> _YOUR GOAL_
Your job is to set down the stretch of entries that opens with the line containing "75 ToppsMini HARMON KILLEBREW #640 HOF!" and closes with the line containing "Day 5 – Tulum". Keep both end lines, copy each exactly, and add nothing.

> _EXERCISE INPUTS_
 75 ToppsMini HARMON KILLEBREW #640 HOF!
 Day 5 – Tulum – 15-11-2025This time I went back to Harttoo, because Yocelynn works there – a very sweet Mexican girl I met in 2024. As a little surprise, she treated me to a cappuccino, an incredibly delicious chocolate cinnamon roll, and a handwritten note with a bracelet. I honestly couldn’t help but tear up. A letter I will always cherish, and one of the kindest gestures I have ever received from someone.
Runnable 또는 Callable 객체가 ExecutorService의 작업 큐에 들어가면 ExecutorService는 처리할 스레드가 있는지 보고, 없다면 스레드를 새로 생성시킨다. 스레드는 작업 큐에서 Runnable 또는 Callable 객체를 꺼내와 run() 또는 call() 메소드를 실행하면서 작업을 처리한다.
--
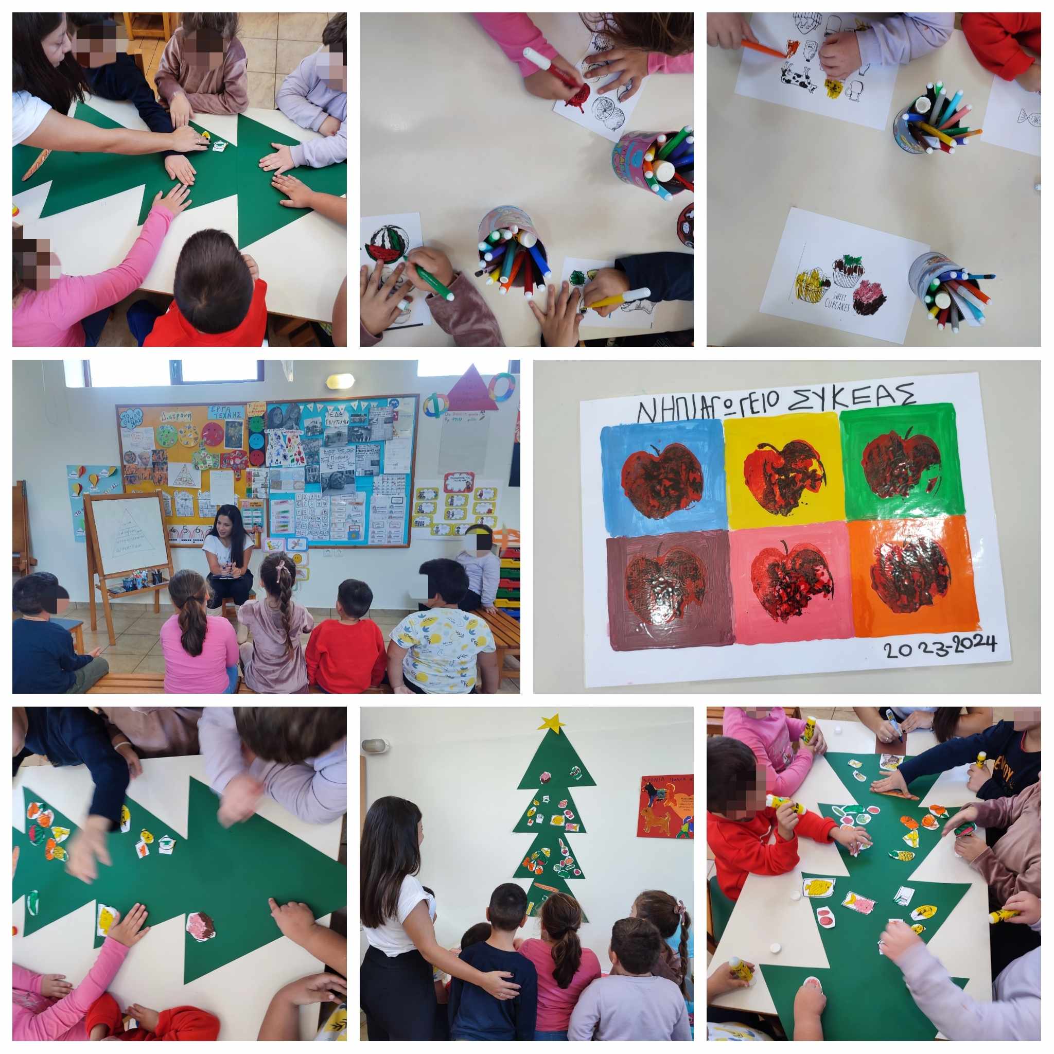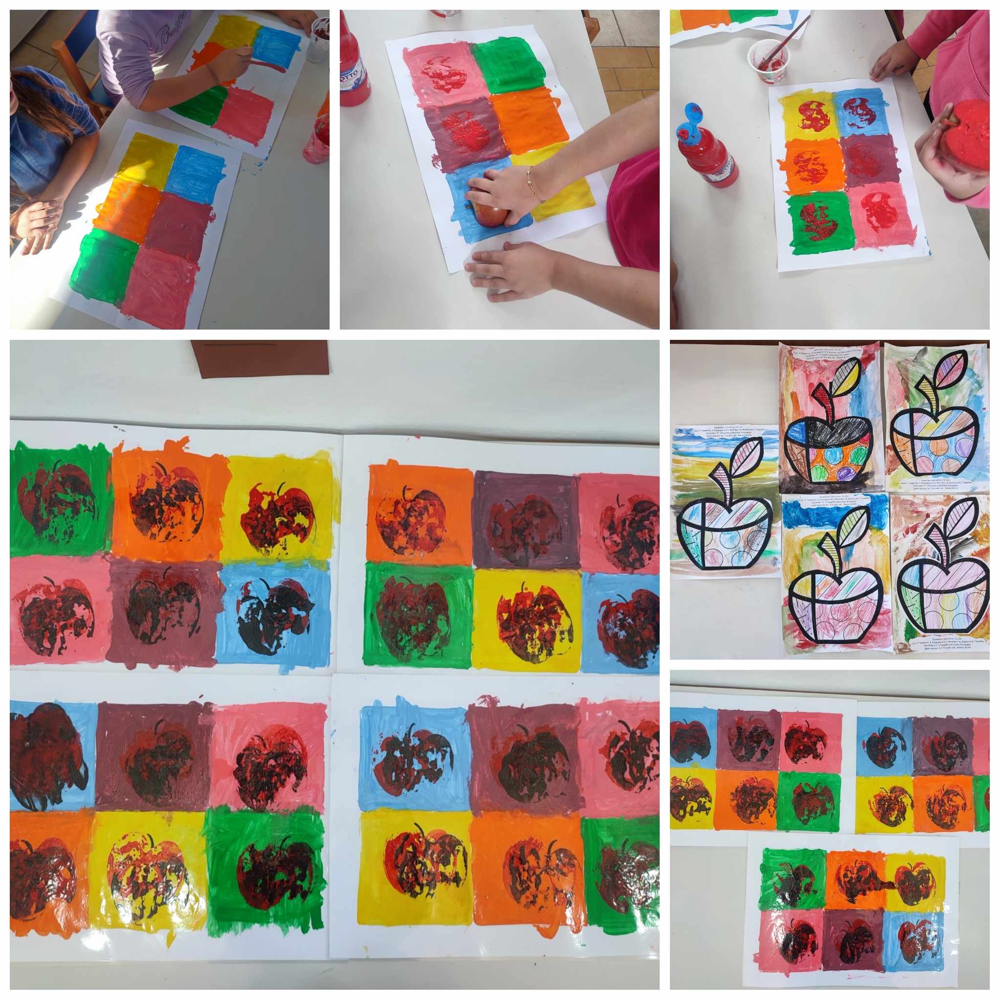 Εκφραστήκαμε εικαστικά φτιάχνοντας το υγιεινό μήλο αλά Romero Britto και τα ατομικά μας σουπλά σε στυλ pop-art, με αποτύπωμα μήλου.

> _SOLUTION BELOW_
 75 ToppsMini HARMON KILLEBREW #640 HOF!
 Day 5 – Tulum – 15-11-2025This time I went back to Harttoo, because Yocelynn works there – a very sweet Mexican girl I met in 2024. As a little surprise, she treated me to a cappuccino, an incredibly delicious chocolate cinnamon roll, and a handwritten note with a bracelet. I honestly couldn’t help but tear up. A letter I will always cherish, and one of the kindest gestures I have ever received from someone.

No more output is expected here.